PROBLEM — Among the lines below, the one containing "卖:=IF(CLOSE>OP" opens the range and the one containing "Что такое сравнение?" closes it. Print that range exactly, without the pictures.
[PROVIDED DATA — start]
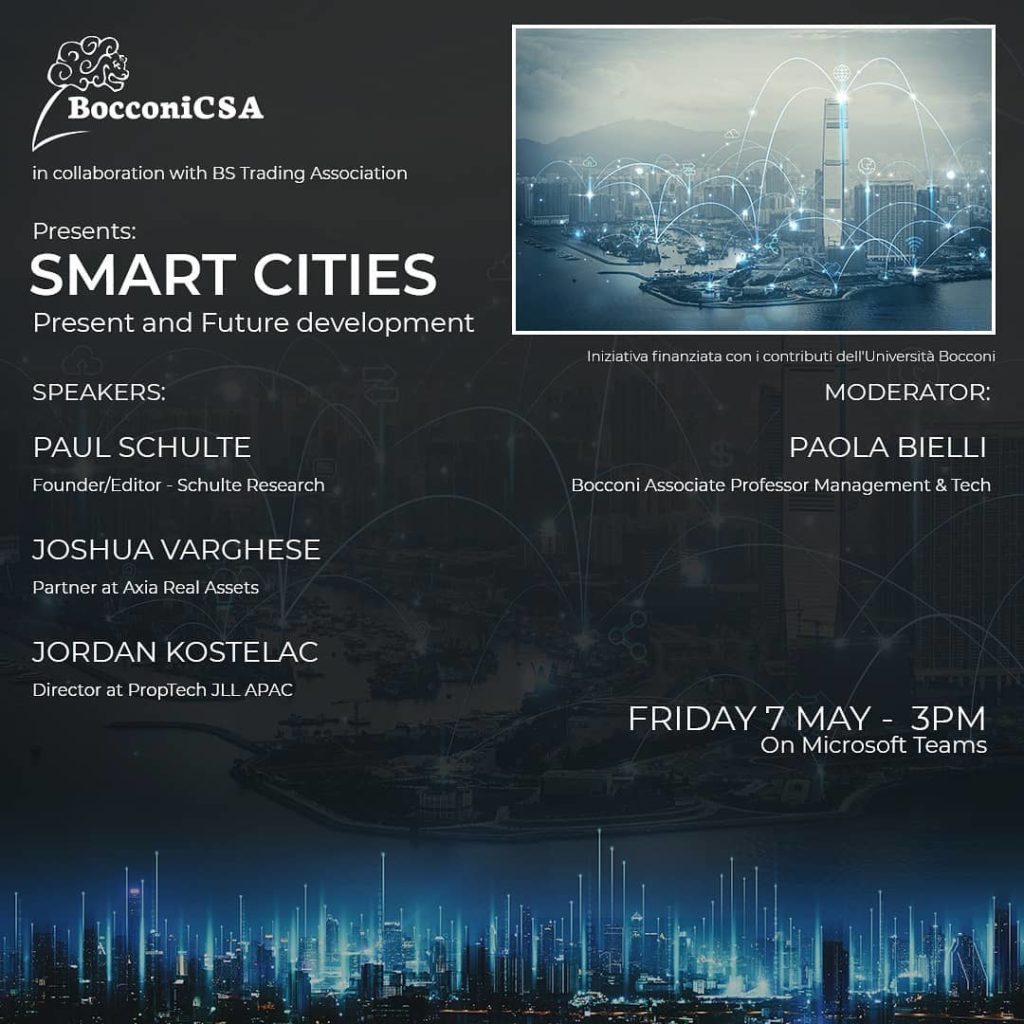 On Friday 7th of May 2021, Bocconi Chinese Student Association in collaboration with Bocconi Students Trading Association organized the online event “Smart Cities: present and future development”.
[PROVIDED DATA — finish]
[PROVIDED DATA — start]
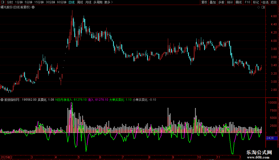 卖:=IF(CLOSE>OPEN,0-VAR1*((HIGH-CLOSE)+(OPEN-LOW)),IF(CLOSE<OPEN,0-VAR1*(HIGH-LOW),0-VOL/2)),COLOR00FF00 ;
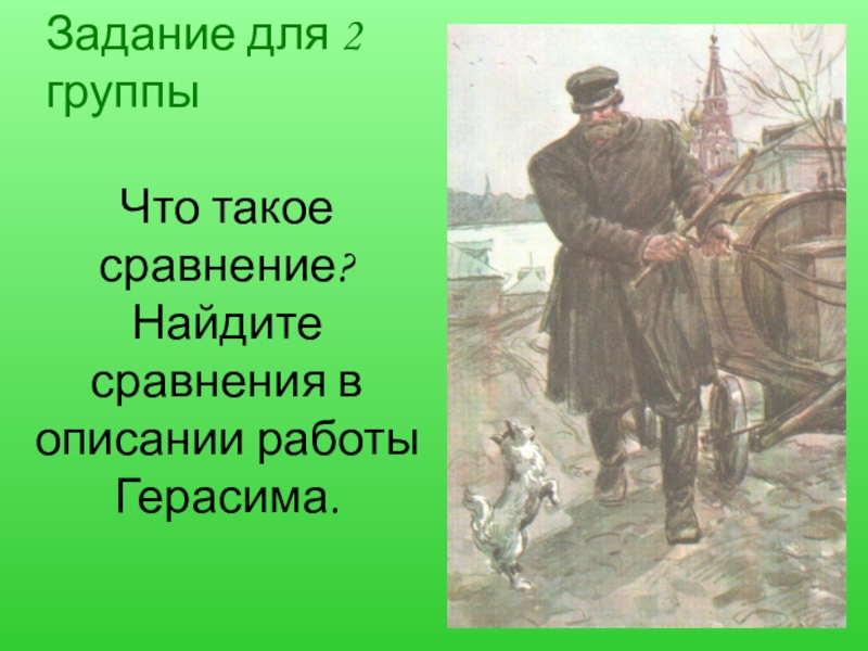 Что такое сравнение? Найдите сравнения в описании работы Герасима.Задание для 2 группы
[PROVIDED DATA — finish]
[PROVIDED DATA — start]
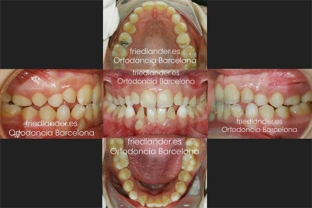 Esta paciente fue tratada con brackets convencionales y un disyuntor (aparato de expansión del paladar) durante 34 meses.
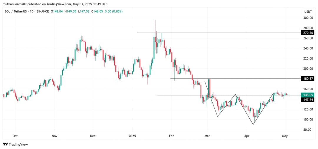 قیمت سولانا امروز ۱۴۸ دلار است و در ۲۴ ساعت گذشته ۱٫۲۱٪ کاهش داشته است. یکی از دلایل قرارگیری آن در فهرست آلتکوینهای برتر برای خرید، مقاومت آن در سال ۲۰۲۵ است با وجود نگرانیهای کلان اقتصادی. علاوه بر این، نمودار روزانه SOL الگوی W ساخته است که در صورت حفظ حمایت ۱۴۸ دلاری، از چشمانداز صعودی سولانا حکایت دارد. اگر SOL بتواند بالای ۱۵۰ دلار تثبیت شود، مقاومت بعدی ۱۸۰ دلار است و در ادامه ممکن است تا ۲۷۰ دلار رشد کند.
[PROVIDED DATA — finish]
WRITTEN RESPONSE —
 卖:=IF(CLOSE>OPEN,0-VAR1*((HIGH-CLOSE)+(OPEN-LOW)),IF(CLOSE<OPEN,0-VAR1*(HIGH-LOW),0-VOL/2)),COLOR00FF00 ;
 Что такое сравнение? Найдите сравнения в описании работы Герасима.Задание для 2 группы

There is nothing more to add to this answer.